Do you think lowering FDR setting at residual pairs would help to offset the increased number of random matches?

I am not sure I really understand you here. There are two general problems with short peptides, one being the target - decoy equivalence. This one should have relatively little impact here, as you have few proteins and even with 4 amino acids xi should be able to generate enough unique short decoy peptides. The second one is that you have higher random match chance and (if we ignore the first problem) in result fewer matches will pass at a given FDR.

Given your FDR result how much of an impact the short peptides will have largely depends on how many of these actually make it through. If only one or two among a few hundred are short - then there is no problem at all. If these dominate your result the situation would look different.

Could you suggest some changes to the settings so that the overall results would not be affected too much due to a shorter peptide length?

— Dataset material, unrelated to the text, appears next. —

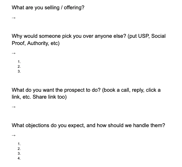 To make this easy, Sbl.so provides a Scratchpad — a Google Doc template with pre-built questions. Click on it, make a copy, fill in the answers, then paste the whole thing back into the prompt field. The template covers:
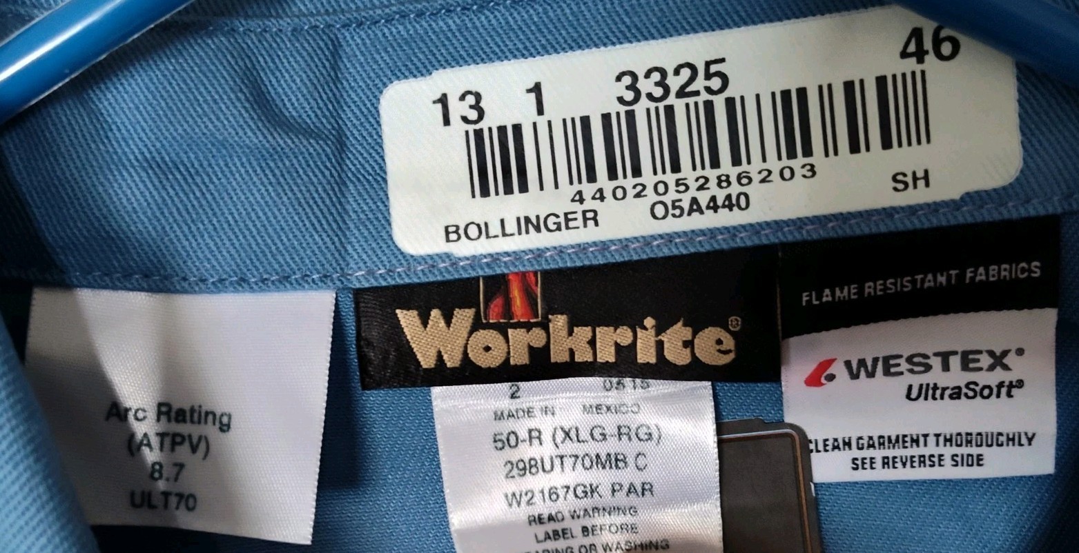 NWT Men's Workrite UltraSoft FR Flame Resistant Work Shirt Arc Rated ATPV 8.7 XL

xiFDR has the ability to treat these separate on level of CSMs and peptide pairs - depending of how many of these short peptides are there this might help (FDR Settings-> Define Groups -> Peptide Length). Defining a group of 5 or 6 (meaning everything shorter then 5 or 6 is treated separate) and then defining a 5% or 10% peptide pair FDR additionally to the residue pair FDR might include these in a more sensible way. On level of residue pairs that can still have a rather negative impact - can but does not have to. BUT you would need to have sufficient short peptide matches to make a separate FDR for these - otherwise your FDR on these means next to nothing.

So as long as you have only a few proteins and unless you have a lot of short peptide matches I would just try to reduce the minimum peptide length and see if that gives more interesting links and don't worry overly much about the total number of links.

Most other methods, that I could see, leave you basically open to an unsure error in the end.

cxdummies commented 1 year ago

Could you explain the difference between reduced and complete FDR? Could you recommend a paper that describes xiFDR in detail? Many thanks!

lutzfischer commented 1 year ago

The difference is just that in complete FDR you see all the options. Meaning you can change a lot more settings. All the settings are used in the reduced version as well - just not shown. There is no up to date paper that describes all the options - but if you hover with the mouse over an input field it should give you a short description of what it does.